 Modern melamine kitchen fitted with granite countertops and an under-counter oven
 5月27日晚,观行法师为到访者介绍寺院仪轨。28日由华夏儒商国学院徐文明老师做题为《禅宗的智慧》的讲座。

━━━━━━━━━━━━━━━━

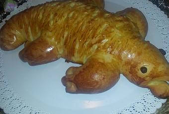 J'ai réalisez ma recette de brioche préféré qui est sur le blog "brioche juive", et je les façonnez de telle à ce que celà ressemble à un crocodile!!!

━━━━━━━━━━━━━━━━

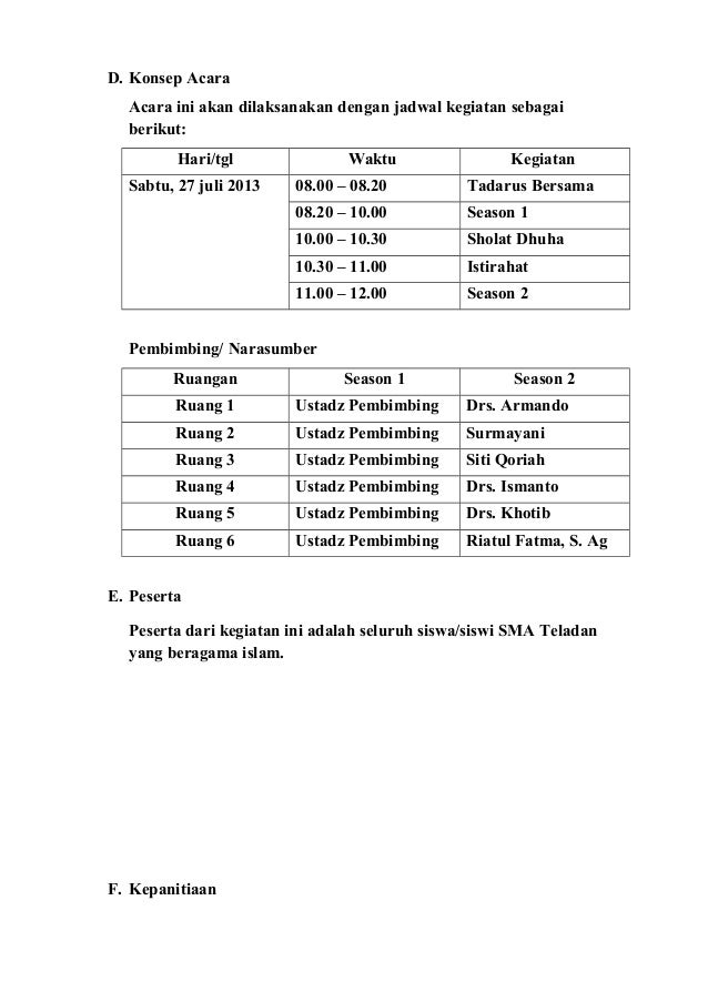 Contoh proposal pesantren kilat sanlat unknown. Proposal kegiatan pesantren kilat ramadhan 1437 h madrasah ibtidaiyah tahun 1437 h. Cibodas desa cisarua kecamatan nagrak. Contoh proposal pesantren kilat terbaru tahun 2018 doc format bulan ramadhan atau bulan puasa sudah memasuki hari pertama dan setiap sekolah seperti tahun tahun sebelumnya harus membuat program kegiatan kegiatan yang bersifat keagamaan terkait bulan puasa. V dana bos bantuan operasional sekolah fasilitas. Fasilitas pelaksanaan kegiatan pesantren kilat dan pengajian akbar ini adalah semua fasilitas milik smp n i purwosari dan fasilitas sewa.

━━━━━━━━━━━━━━━━

Exercise goal –
What you give back should be exactly the lines of the data above from the line with "Modern melamine kitchen" through the line with "5月27日晚,观行法师为到访", both of those included, and nothing more.

The answer –
 Modern melamine kitchen fitted with granite countertops and an under-counter oven
 5月27日晚,观行法师为到访者介绍寺院仪轨。28日由华夏儒商国学院徐文明老师做题为《禅宗的智慧》的讲座。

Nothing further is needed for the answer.